DragonFly kernel List (threaded) for 2003-07
Re: MESI Caching work start (was Re: caching and userapi)
On Fri, Jul 18, 2003 at 07:43:58PM -0700, Matthew Dillon wrote:
> :Matt, this is exactly the method propesed by Larry McVoy to avoid
> :having 1000+ mutexes in a kernel: have a simple, non-mutexed kernel
> :take care of each cpu and then manage to get a global page cache memory
> :across them, with mmap fully working.
> :Have a look at http://lwn.net/2001/1206/a/ccCluster.php3
> :By the way, when dragonfly manages to work with it's internal
> :ports system, can we rename you to 'Matt "Amiga Rules" Dillon'? ;)
> :Greets, Antonio.
> Interesting. That article is dated 4 Dec 2001. I wonder if Larry
> has updated his thinking since then. I also looked at the slides
> and flipped through the two papers mentioned. He doesn't specifically
> mention MESI but it is obvious that he is angling for the same effect.

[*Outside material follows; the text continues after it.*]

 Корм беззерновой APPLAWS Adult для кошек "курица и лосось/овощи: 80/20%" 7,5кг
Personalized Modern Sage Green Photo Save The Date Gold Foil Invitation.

> The funny thing is that what Larry, and what I am proposing, is not hard
> to do. The MESI (Modified Exclusive Shared Invalid) model has been around
> for ages and is the most common model used in SMP systems for L1/L2
> interactions. It's a very well known technology that even deals with the
> 'cache' nature of the information (since an L1/L2 cache only represents
> a small portion of available system memory, things are constantly being
> thrown away).
> The only major difference between a hardware implementation and a software
> implementation is the fact that it is far more expensive to 'broadcast'
> certain cache state transitions to the other cpus in software. If this
> is the only problem then I am certain the performance issue is solvable.
> I would call this sort of feature *CRITICAL* to DragonFly's future.

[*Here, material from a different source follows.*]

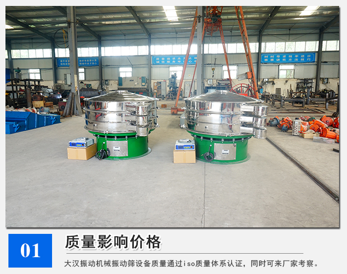 做篩分設(shè)備的廠家有很多,但是也有很多皮包公司,沒有生產(chǎn)能力,還有一部分廠家廠家為了盈利,以次充好,會在選材、生產(chǎn)環(huán)節(jié)偷工減料,看著當(dāng)時買的可便宜,但是沒想過售后問題,后續(xù)會因為設(shè)備質(zhì)量問題問產(chǎn)生大量費用。大漢超聲波振動篩質(zhì)量以與其為了一時的低價誘惑造成在設(shè)備質(zhì)量方面的疏忽是必須要避免的。大漢振動機械振動篩設(shè)備質(zhì)量是通過iso質(zhì)量體系認證的,同時您也可以來大漢振動機械考察,看一下我們的生產(chǎn)能力。好產(chǎn)品不怕比價格。

> Or 'Matt "Son of Amiga" Dillon', complete with a bouncing baby ball
> logo :-0
> Matthew Dillon
Matt, looking by my books, I've found out references to MESI protocol
on the PowerPC 604 manual (page 3-11), which it uses for it's caches.
Possible combinations seem to be:
m p1 p2 valid references
0. e i i memory
1. s s i memory and p1
2. s s s memory, p1 and p2
3. i e i p1
4. i m i p1
I assume that, for the software caches, there may be no passive devices
like system memory is, but only active ones. Therefore:
p1 p2 valid references
1. s i p1
2. s s both p1 and p2
3. e i p1
4. m i p1
Coding a simple state machine and veryfing it by
brute force should not take too much time ;)

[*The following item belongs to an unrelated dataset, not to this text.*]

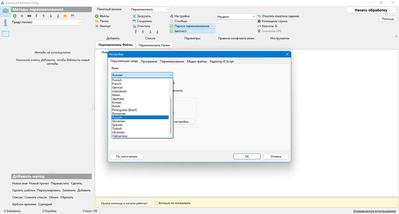 Если тщательно изучить настройки и конфигурации, можно создавать сложные алгоритмы для переименования файлов и папок, применяя до десяти методов одновременно. Программа также позволяет автоматически копировать и переносить элементы по заданным алгоритмам, изменять ID3 информацию музыкальных файлов и работать с изображениями с поддержкой EXIF. Для русскоязычных пользователей есть возможность выбрать интерфейс, поместив файл ru.mo в папку Lang, однако официальной русской локализации не предоставлено, поэтому перевод выполнен самостоятельно и, возможно, содержит неточности.

I've also googled a bit and found this one talking about MESI:
Regarding broadcast communication between CPUs, we can model it
as an broadcasting ethernet: you store data on shared media
(a global page for all CPUs, for example), tag some recipients
on this data (like an 48bit ethernet address would be)
and then send a global interrupt to all nodes,
which would copy it to internal buffers and resume
processing as fast as possible.
Recipient tagging would allow partitioning the machine,
such as for example allowing route cache entries only
on CPU 1 and 2 but not on others.
Time to read and code a bit more :)
1. Dado un programa, siempre tiene al menos un fallo.
2. Dadas varias lineas de codigo, siempre se pueden acortar a menos lineas.
3. Por induccion, todos los programas se pueden
reducir a una linea que no funciona.